How many categories will I get? The full Lidl tree — typically dozens of departments and subcategories. The non-food assortment is broad; the food assortment rotates weekly and can be small, which is normal (a small or empty category is not an error).
Why is productCount sometimes null?
When a product count isn't available for a category, the field is null. The
category is still included.
How fresh is the data? Each run returns the tree as it stands at that moment, so you get exactly the structure lidl.nl shows then. Schedule the Actor to keep your map as fresh as you need.

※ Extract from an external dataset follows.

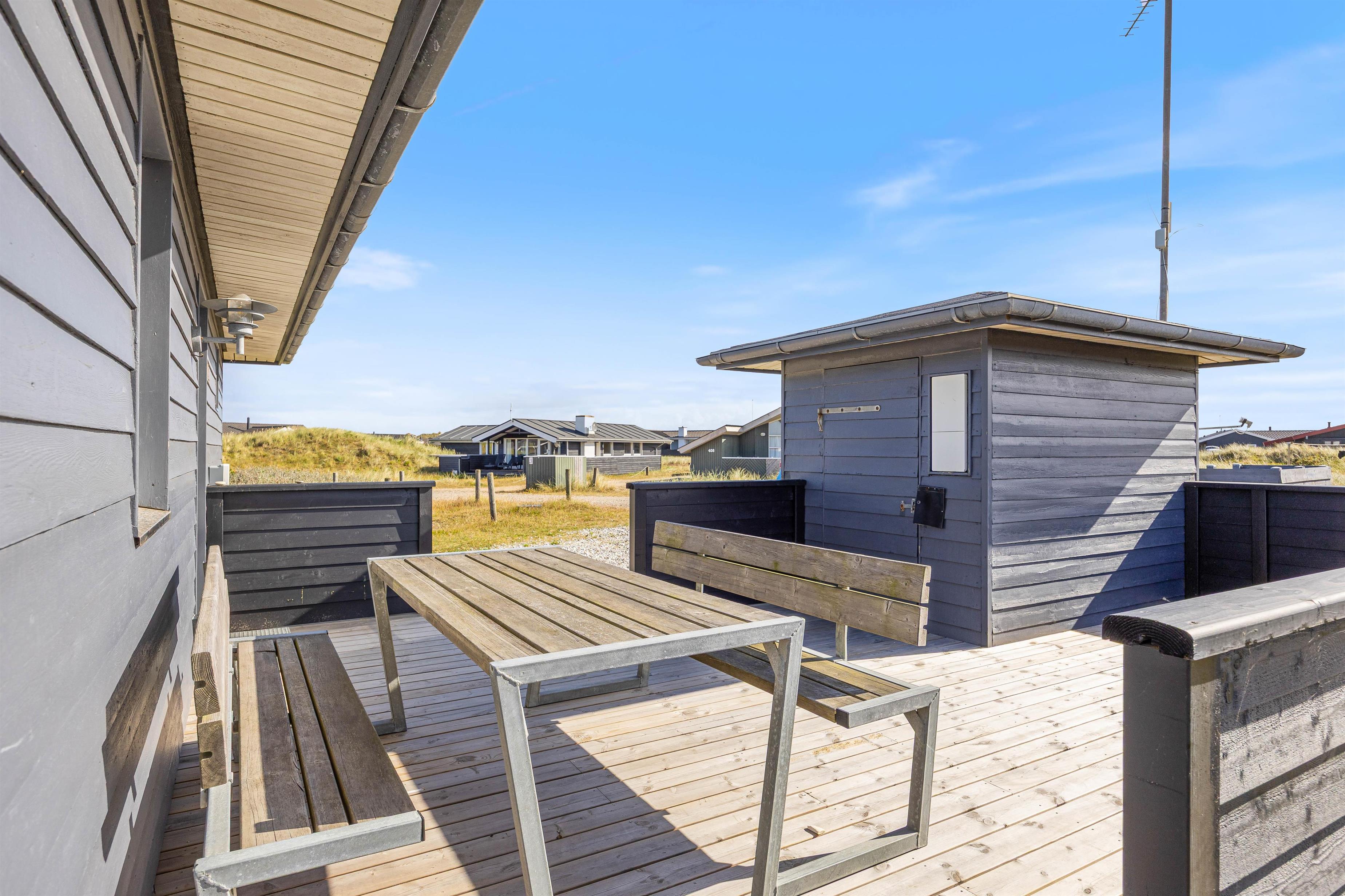 Rundt om sommerhuset er der helt lukkede terrasser, som indbyder til masser af udeliv. Nyd morgenkaffen til solopgangen fra den østvendte terrasse – og senere på dagen kan I nyde eftermiddags- og aftensolen på den sydvestvendte terrasse.

What formats can I export? JSON, CSV, Excel, XML — from the Console or via the Apify API.
Related Actors
Pair this with the Lidl Product Scraper — that's the whole point. Run this Category
Scraper first to map the tree, then feed every type: "leaf" id into the:
- Lidl Product Scraper — turns those leaf category IDs into full product records (titles, prices, Lidl Plus member prices, unit prices, images). Map once here, scrape products there: a fully automated, reorg-proof map-then-scrape pipeline.
Building broader Dutch-supermarket coverage? The same clean schema and pay-per-event billing run across every chain — mix and match for full market coverage:
- Albert Heijn Product Scraper
- Plus Product Scraper
- Dirk van den Broek Product Scraper
- DekaMarkt Product Scraper
- Hoogvliet Product Scraper — and its own Hoogvliet Category Scraper, the family's other category-tree actor (same map-the-tree-then-scrape pairing as this one).
Same clean schema and pay-per-event billing across every Dutch chain — and you're never billed for failed requests in any of them.
Disclaimer
This Actor is intended for personal and research use. You are responsible for ensuring your use complies with Lidl's terms and applicable law. Please scrape responsibly — keep concurrency moderate and delays reasonable. This project is not affiliated with, endorsed by, or sponsored by Lidl.